45. Siapa sangka?

3K 288 3
                                    

Happy reading

•••

Vano membulatkan matanya karena tidak percaya pada yang baru saja dilihatnya. Ia merasa takjub sekaligus tidak menyangka, "I-ini...!" Ia bahkan tidak bisa melanjutkan ucapannya.

Bagaimana tidak. Saat Vano terbangun di pagi hari tadi, ia dikejutkan dengan sekotak kado berukuran jumbo yang berada tepat di sebelah kasurnya. Kado tersebut dibungkus rapi dengan pita merah diatasnya.

Awalnya Vano bingung kado tersebut dari siapa dan mengapa orang itu memberinya kado, pasalnya hari ini bukanlah ulang tahunnya. Tapi setelah melihat dan membaca surat yang tergantung di atas pita, kebingungannya langsung terjawab.

Itu dari--Devon.

Kado tersebut adalah chest freezer mini berwarna hitam, yang di dalamnya dipenuhi beraneka ragam ice cream yang sudah membeku.
Di dalam surat itu, tertulis permintaan maaf Devon karena sudah mengingkari janjinya kepada Vano. Kakak ketiganya itu merasa sangat bersalah dan sebagai gantinya ia membelikan Vano chest freezer beserta isi-isinya.

"Bukankah ini terlalu berlebihan?"

Vano bergumam pelan. Tetapi tidak menutup kemungkinan jika ia juga merasa senang di dalam hatinya.

Vano menarik senyum simpul. "Aku baru tahu jika kak Devon se-so sweet ini."

Vano mengambil satu ice cream rasa favoritnya, dan memakannya dengan mulut penuh. "Bahkan kak Devon juga tahu ice cream kesukaan-ku..."

"Apakah ini tandanya kak Devon sudah luluh?" terka-nya di dalam hati.

Di sisi lain, Devon yang sedari tadi mengawasi Vano dari arah pintu kamar tersenyum lega saat melihat adiknya itu memakan ice cream di tangannya dengan lahap.

"Syukurlah jika dia menyukainya."

Setelah lama berdiri disana Devon memutuskan untuk kembali ke kamarnya sendiri. Ia harus menyelesaikan revisinya dengan segera jika ingin lulus cepat.

***

"Van."

"Hm?" Vano hanya bergumam menanggapi sapaan Bryan. Sekarang adalah jam istirahat, dan saat ini Vano tengah menyalin materi pelajaran dari white board yang ditulis oleh guru pada jam pertama.

"Aku mau nanya deh!"

"Tanya aja," jawabnya sembari tetap menulis.
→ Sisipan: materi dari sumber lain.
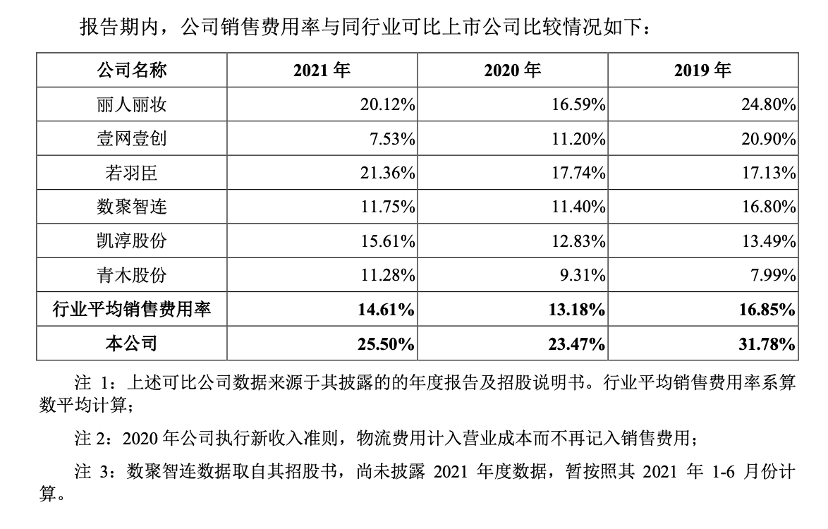 2019年-2021年,拉拉米銷售費(fèi)用分別為2.42億元、1.84億元和2.14億元,占營業(yè)收入的比重分別為31.78%、23.47%和25.50%,遠(yuǎn)超行業(yè)平均水平。其中,僅市場推廣費(fèi)分別為9283.39萬元、1.05億元和1.26億元,近三年花了3.24億元,主要分為站內(nèi)的直通車、鉆展、聚劃算、淘寶 客傭金等推廣費(fèi)和站外的通過小紅書、微博、微信等渠道進(jìn)行達(dá)人推薦、明星代言等。

"Tapi kamu kan lagi nulis. Nanti saja deh..!"

Vano mendengus kesal. Ia menghentikan tulisannya dan menatap Bryan dengan sabar. "Sekarang sudah tidak lagi. Mau nanya apa?"

"Em-- itu."

Melihat kegugupan dari Bryan, Vano merasa ada yang tidak beres. "Kenapa?"

"Tapi jangan marah, ya?"

"Kenapa sih, Iyan?" Vano mendesak Bryan agar segera bercerita. Jujur saja, Vano sangat tidak sabaran orangnya!

"Kamu suka ya, sama... Yona?" Bryan merendahkan nada bicaranya saat menyebut nama Yona.

Mendengar pertanyaan itu, Vano tidak bisa menahan tawanya. "Aku memang menyukainya.. Dia baik! Dia layak di jadikan teman."

"Bukan seperti itu. Maksudnya, suka dalam arti lain.." Bryan melanjutkan karena melihat kebingungan Vano, "Apakah kau mencintainya?"

Cinta?

Vano tertegun saat mendengar kalimat terakhir Bryan. Selama ini Vano tidak pernah dan tidak tahu bagaimana rasanya mencintai seseorang selain keluarganya.